Event recording is completely ad-hoc: there is no central registry of event types, or of the fields that must be present on events. This makes it harder to see what all the event types are, and what data they carry; but in return, it’s extremely easy for any engineer to begin recording something interesting. All they need to do is add one function call. We deal with the ad-hocness by querying our database to find out what event types have been used, and using grep or ack tells us where in our codebase they get recorded.
Early on in the design process of our tracking system, it became apparent that a relational database would be a poor choice for storing events. With their rigid table schemas, they are the opposite of the flexible, ad-hoc system we wanted. We wanted a database that would let us dump arbitrary objects into it, and be able to query them easily to do analysis.

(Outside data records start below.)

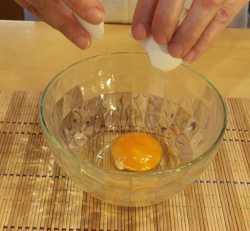 В отдельную миску разбиваем промытые куриные яйца и взбиваем до лёгкой, белой пены, при помощи миксера или венчика.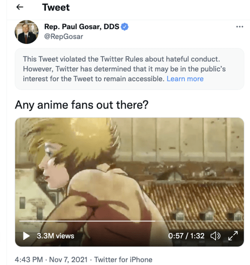 Het sentiment van maatschappelijke marginalisering en de daaruit voortkomende strategie van provocatie heeft, zoals we nu allemaal weten, ook de politiek bereikt. Afgelopen week pleitte Alexandria Ocasio-Cortez bijvoorbeeld voor meer fatsoen in het Amerikaanse House of Representatives, nadat de Republikeinse afgevaardigde Gosar een animatie had gemaakt waarin Ocasio-Cortez werd vermoord. Of lees hier over hoe de Nederlandse FVD-volksvertegenwoordiger Pepijn van Houwelingen vorige week een collega van D66 uitmaakte voor ‘globalist’ en vervolgens zei: ‘Uw tijd komt nog wel, er komen tribunalen’.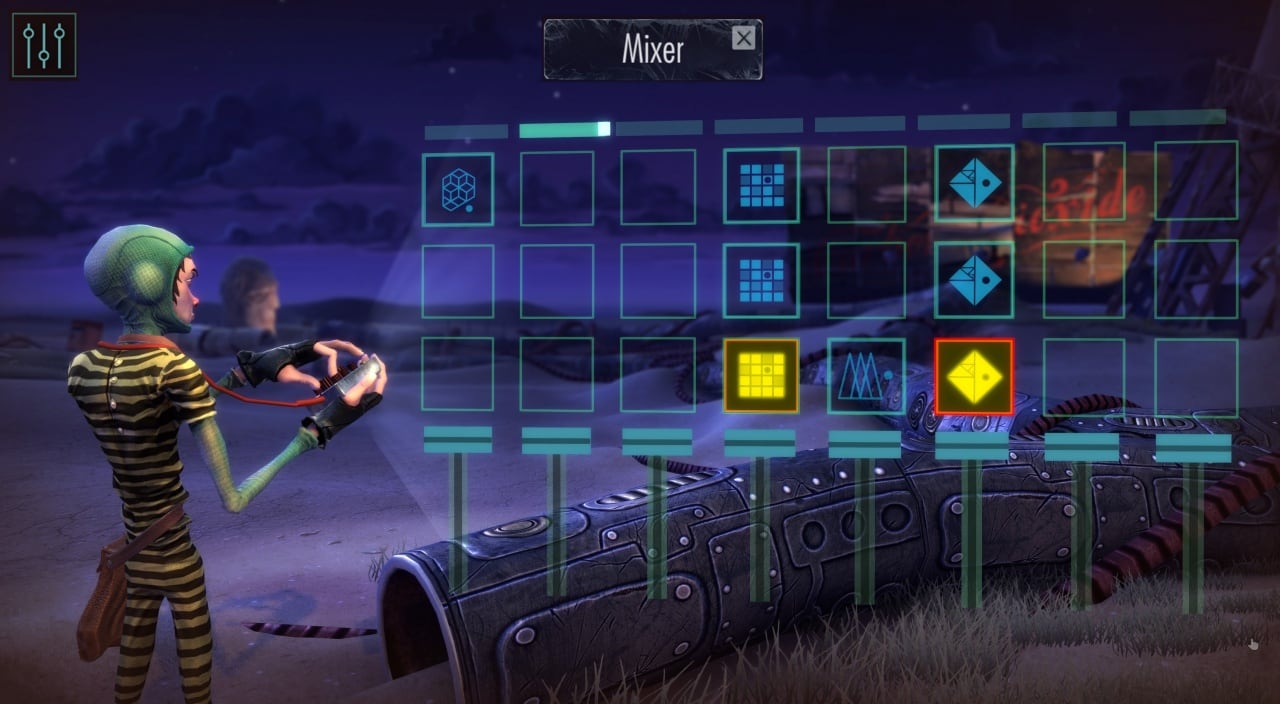 - Неординарный геймплей. На первый взгляд это типичный квест, но его суть заключается в звуках. Каждый новый звук расширяет возможности персонажа. Продвигаясь по сюжету, пользователь открывает не только новые звуки, но и музыкальные композиции. В финале игры можно устроить концерт, примерив на себя образ профессионального ди-джея. Каждый звук органично вплетается в фоновую музыку, усиливая ощущение причастности к необычному миру и погружение в процесс.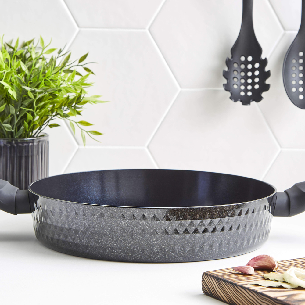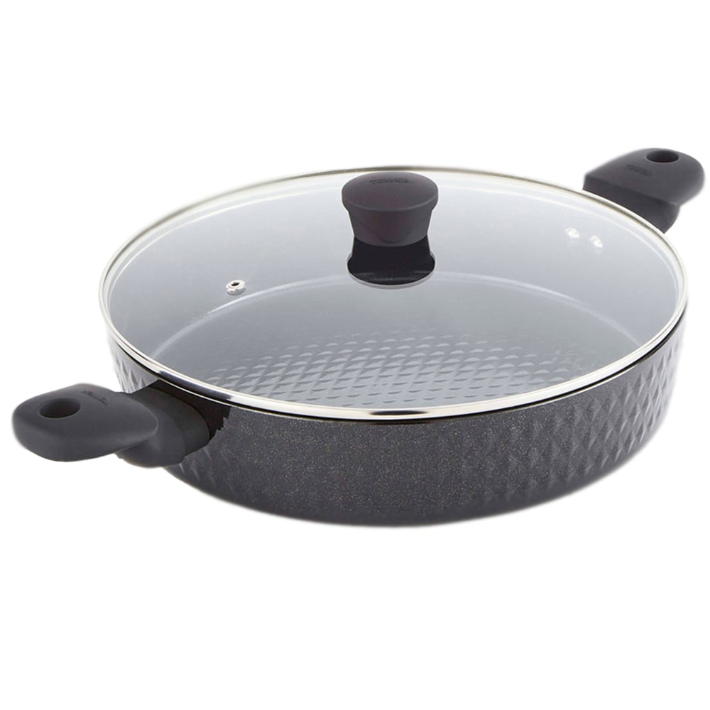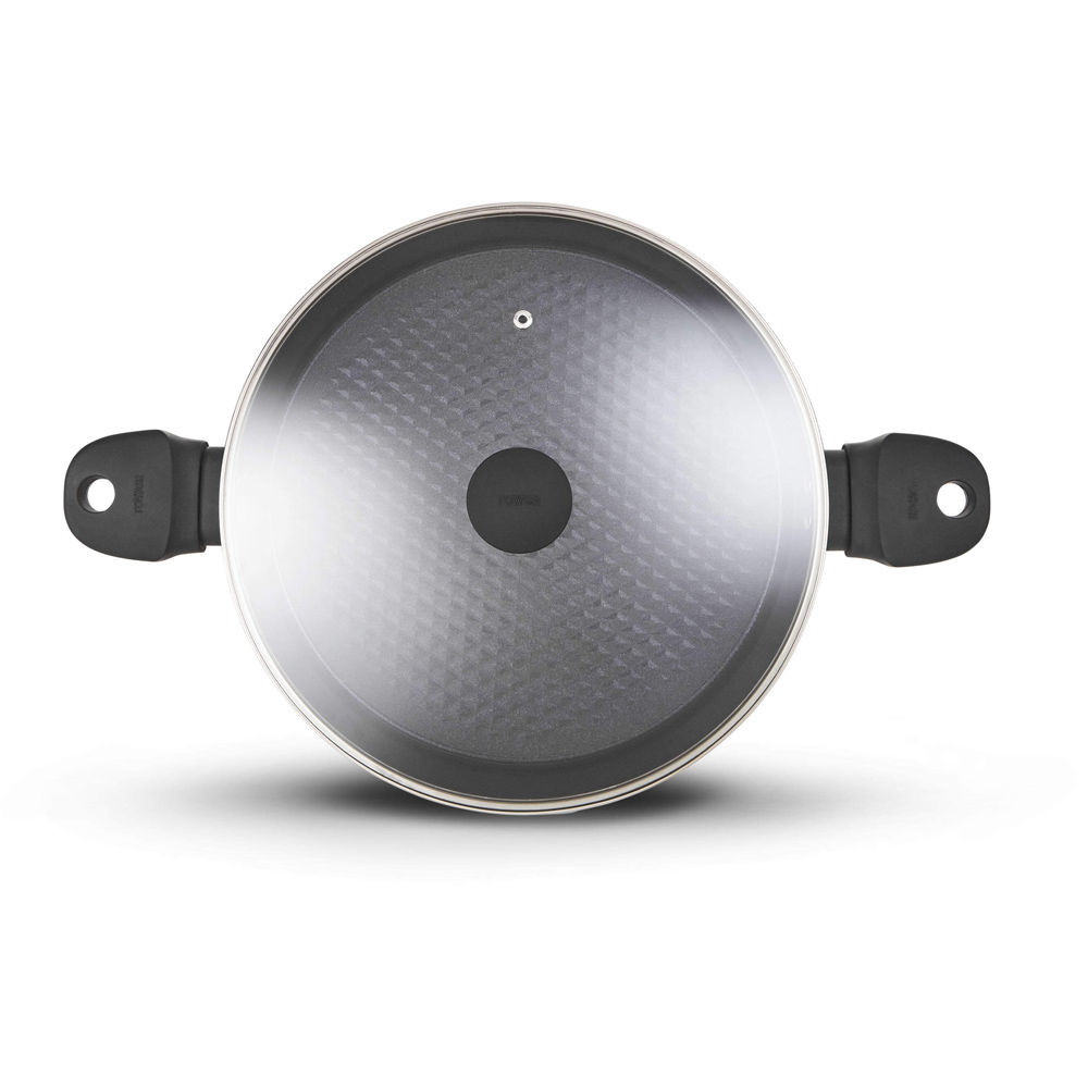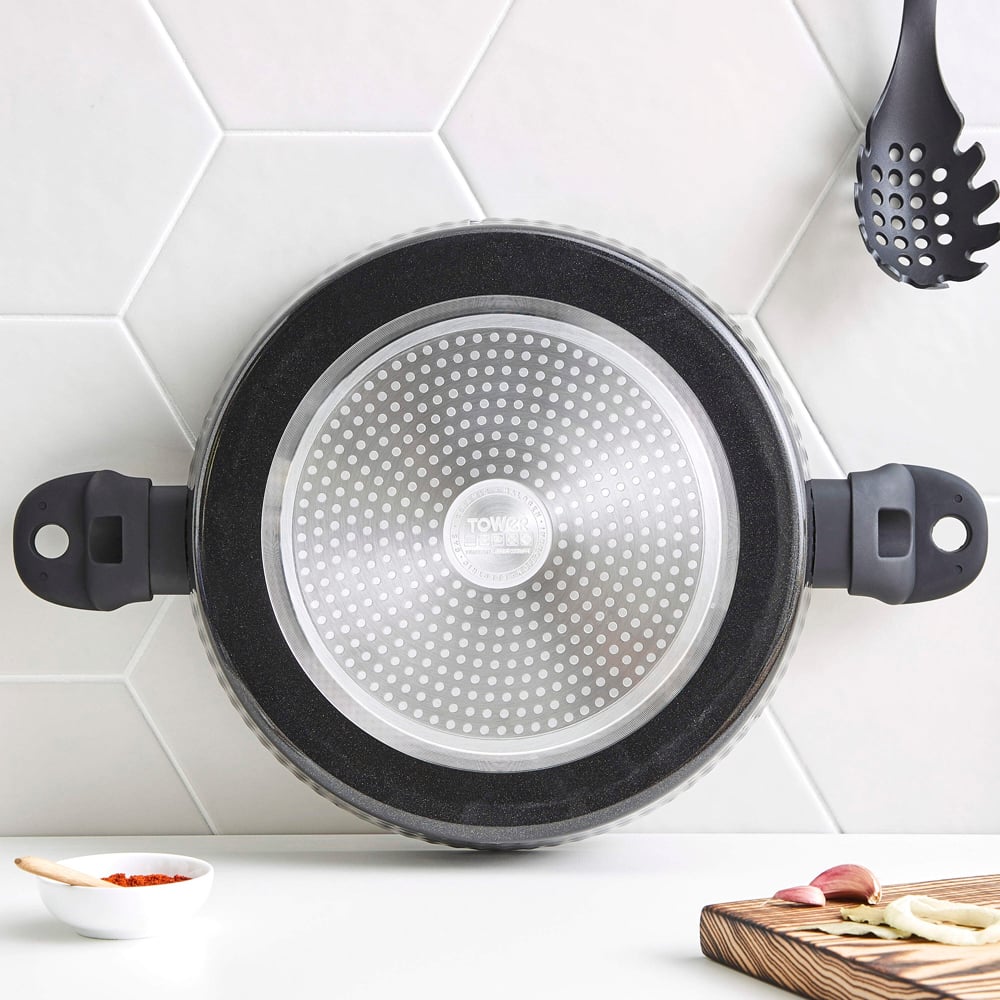Indulge in culinary creativity with this Tower 30cm Shallow Casserole. Cook deliciously wholesome, slow-cooked casseroles and hearty stews with the 30cm shallow casserole dish. Featuring high-grade non-stick technology, the black diamond ceramic coating is seven times stronger than other non-stick coatings and is PFAS, PFOA, PFTE, lead and cadmium-free for you to enjoy healthy meals using little or no oil. Its high quality, long-lasting forged aluminium body enables quick and easy adjustment of temperatures for more efficient cooking results, with no hot spots. The casserole dish has soft touch handles for comfortable control over your cooking, with a tempered glass lid that effectively seals in the heat to retain rich flavours and tender texture for perfect dishes. Its bonded steel base provides even heat distribution to ensure your food is cooked thoroughly and is designed to work with any hob type, including induction. The non-stick ceramic coating prevents food from sticking to the surface, and this casserole pot is dishwasher safe for an even easier clean after cooking.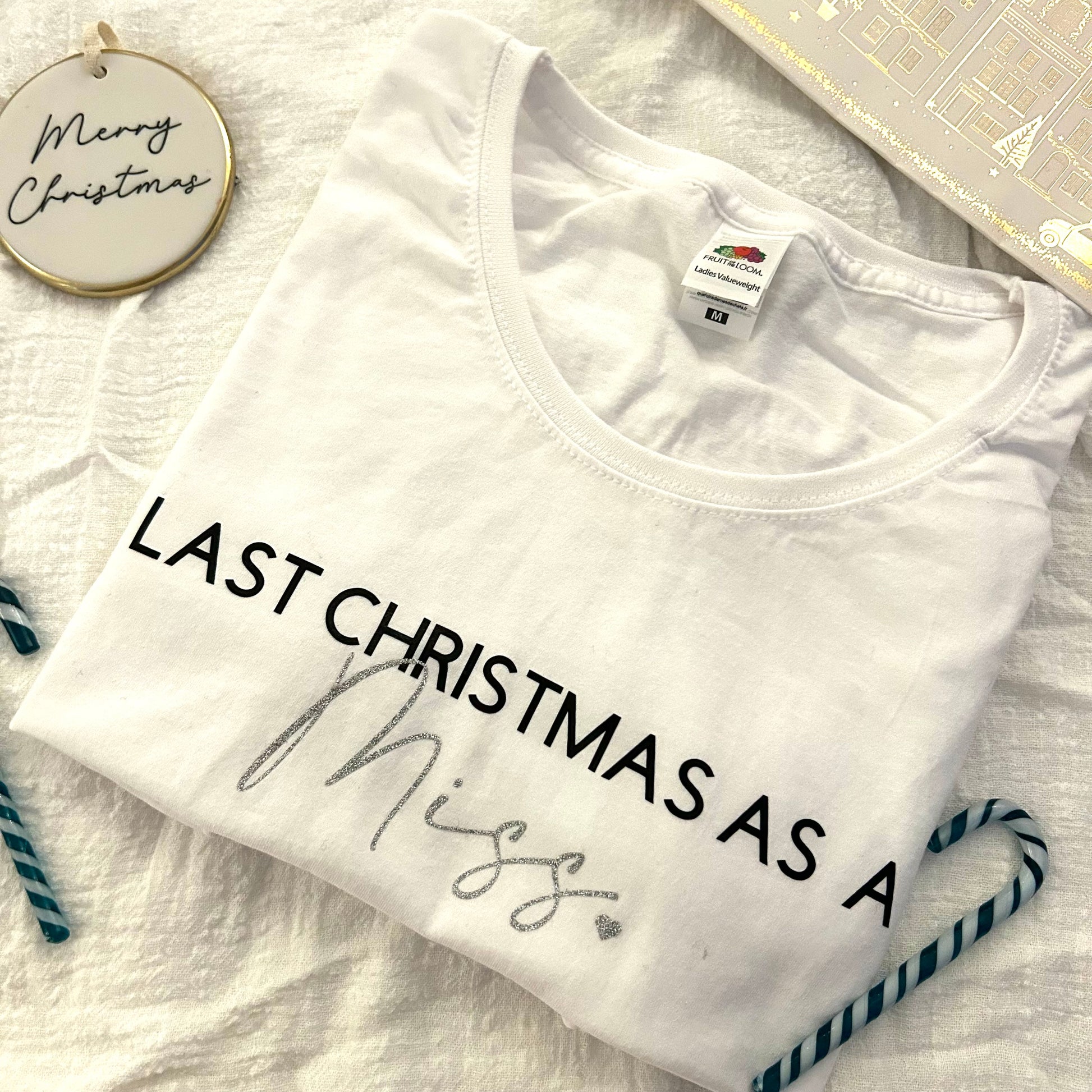 Our personalised Christmas tees are back for another year! Celebrate your last Christmas as a miss with our personalised tees. The perfect gift for a bride to be!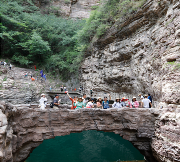 中午12點到達(dá)目的地,休整用餐后,開始游覽大峽谷景觀—景景相連,山靈水秀的谷中之谷桃花谷和擁有壯美風(fēng)光、百里畫廊之稱的太行天路。桃花谷內(nèi)黃龍?zhí)?、飛龍峽瀑布、飛龍峽棧道、九連瀑等景點珠聯(lián)璧合,顯示出深峽藏秀的悠遠(yuǎn)意境?!疤刑炻贰本皡^(qū)位于太行山之巔,全長約30km,一路望去,峽谷深邃、巖壁峭立,仿佛鬼斧神工,大氣磅礴。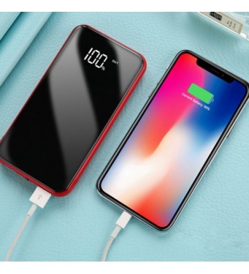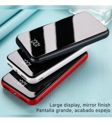 PowerBank de 20.000mAh. • Diseño rectangular con acabado espejo y pantalla LCD indicadora del nivel de carga. • Linterna LED incorporada. • Protección contra calentamiento, cargas electromagnéticas externas e internas, sobrecarga de tensión, sobrecarga de aparatos conectados y cortocircuitos. • Doble salida USB de 2A. • Sin efecto memoria. • Conexión de entrada para su recarga, mediante micro USB. Capacidad: 20.000mAh 2 salidas USB: 5V/2A 1 entrada micro USB: DC 5V/2A PVC Aleación_de_Metal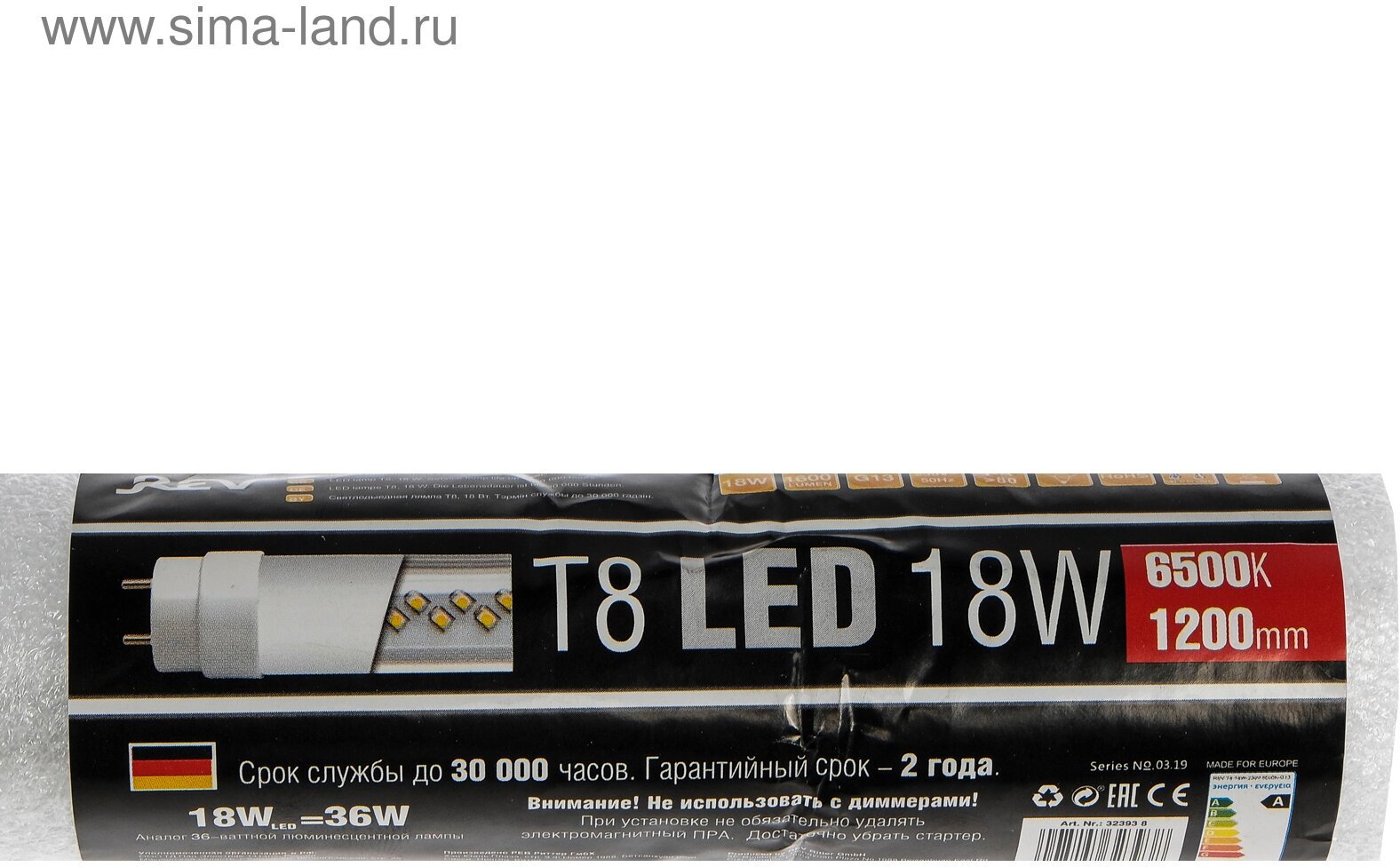 Купить REV Лампа светодиодная REV LED, Т8, G13, 18 Вт, 6500 К, 1200 мм, холодный свет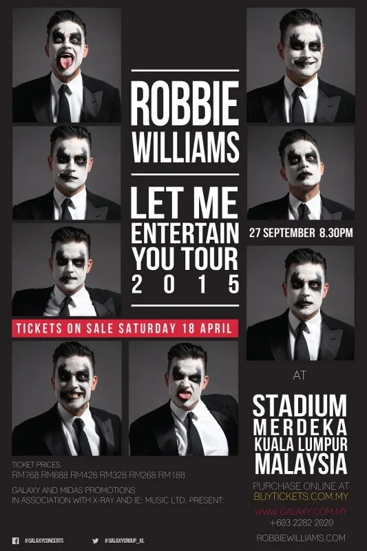 Robbie Williams has cancelled the Malaysian leg of his “Let Me Entertain You” tour on September 27th at Stadium Merdeka. In fact, the “Angels” singer has cancelled all scheduled show dates on the South-East Asian Leg of his tour. A release from concert organisers Galaxy Group (Malaysia) and Midas Promotions (Singapore) states that the cancellation is due to issues outside of the artiste’s control.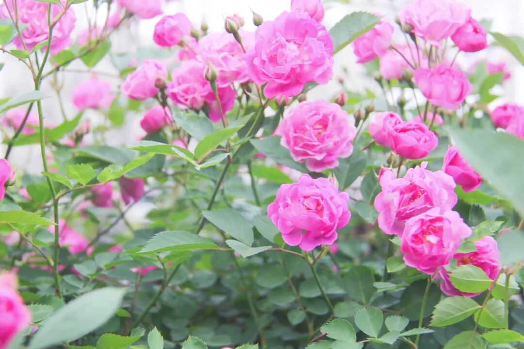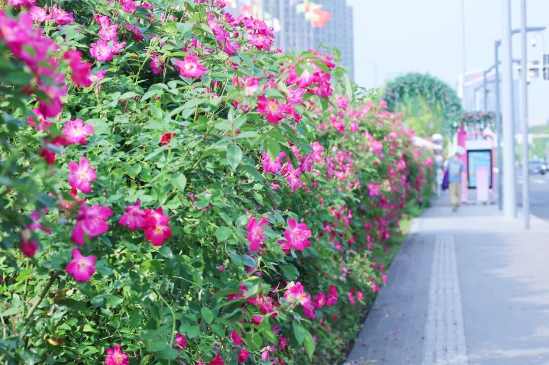 蔷薇是蔷薇科蔷薇属攀援灌木,花朵成簇开放,香气清雅。车站边的蔷薇花海由单瓣品种和重瓣品种组成,其中“七姐妹”为重瓣品种,花量巨大,花开如瀑。而单瓣品种则是“粉团蔷薇”,花瓣轻盈舒展、花色淡雅。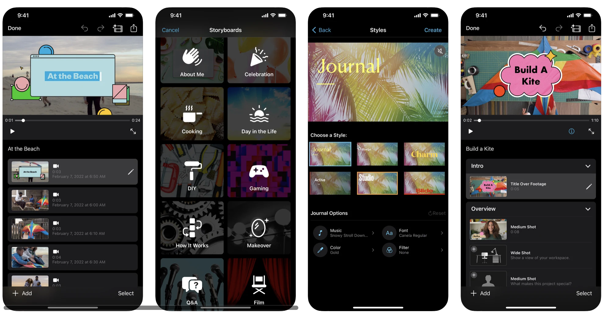 Con gli Storyboard invece impari a raccontare e pianificare il girato come a Hollywood. “Scegli tra 20 storyboard che ti guidano nella creazione di vari tipi di video popolari”, “registra video o scatta foto direttamente nei clip segnaposto o aggiungi file multimediali dalla libreria di Foto. Dopodiché “Aggiungi, riordina ed elimina i clip come vuoi per organizzare e personalizzare la tua storia e applica uno stile visivo dinamico che include layout dei titoli, font, filtri, palette cromatiche e musica.”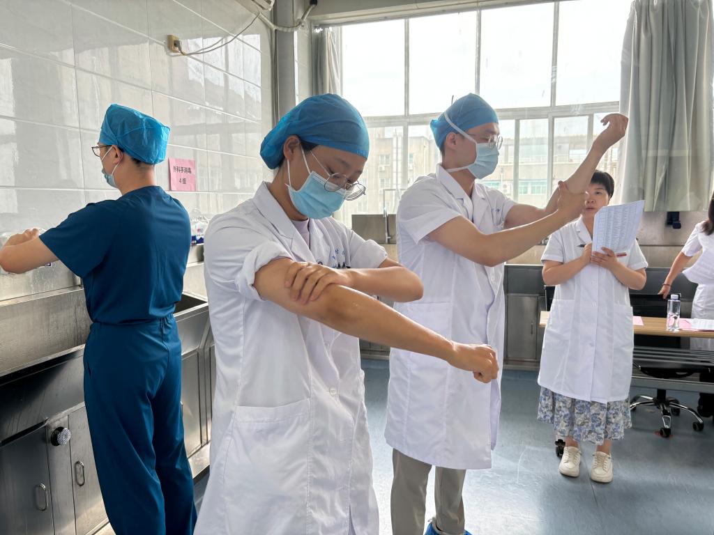 本次决赛设置手卫生知识理论考场与外科手消毒操作考场,旨在全面考察选手的理论素养与实操能力。此次比赛特别邀请了麻醉手术科赵丽燕护士长、院感办主任张晨、李金娜主任护师担任评委。比赛现场参赛队员精神饱满、沉着冷静,熟练的操作技能和扎实的理论基础,展现了我院医务人员良好的素养。最终,35名医护人员摘桂,获得我院“手卫生之星”殊荣。

MongoDB fits that description nicely. For readers not familiar with it, Mongo is a document database that lets you store, retrieve, and modify arbitrarily-structured JSON objects. It’s similar to a traditional SQL database in that it works with discrete records that you can insert, query, update, and delete, but it doesn’t enforce a schema on the records you insert, and lets them be arbitrarily complex. And, importantly, it’s mature, and has corporate backing.
Events naturally fit into Mongo’s document model, since they are self-contained, structured objects. Not having to specify a schema for events is a big win, since different events that we track use wildly different sets of fields. We also often add or remove fields as our data needs change, and it’s extremely convenient to be able to simply make that change on the frontend without needing to perform an expensive
ALTER TABLE, or worry about data migrations. In contrast to other document databases like CouchDB, it lets you find documents by writing a query (something our business people can do), instead of writing a pair of map-reduce functions (something they cannot).
Mongo also has one performance aspect that makes it very attractive to use for tracking. Most of the tracking we do occurs in our server-side controller code, after a page has been rendered, but before it is sent to the browser. It’s imperative that the tracking process doesn’t impact the performance of our website, so our tracking calls must return as quickly as possible.
Luckily, the MongoDB protocol gives client code full control over the trade-off between speed and guaranteed consistency. In the default mode of the PHP driver, inserts are simply fired off over TCP, and the insert call returns as soon as the message is received by the MongoDB host computer. It does not wait for any response from MongoDB itself indicating whether or not the insert actually worked. (Compare PostgreSQL, whose default behavior is to not return from an implicit or explicit commit until the modified data has actually been written to disk, which is very expensive.)
For tracking, this is exactly what we want. Adding tracking to our site had no measurable effect on page load times, and the safety we’re giving up in return is very small. Since the database isn’t doing any validation of our events, the only likely reason an insert would fail would be some sort of systemic problem affecting our MongoDB server, which would show up in our monitoring systems. (If MongoDB does go down entirely, our website tracking code simply logs a warning, and continues handling the incoming request.)
Overall, we’ve been very happy with our tracking system since launching it in November, 2010. It’s recorded 15GB of data, and over the past 30 days, over 200,000 events per day on average (2.4 events per second). It’s enabled us to report more useful metrics to ourselves, our users, and our investors; to decide where our time is best spent making improvements; to accurately measure the impact of design changes to our website; and even to find the causes of bugs.
But we’ve glossed over how we actually correlate related events, and perform useful analysis on them. In upcoming posts, we’ll describe the system we built to do event correlations in near-real time, and produce reports from the data we collect.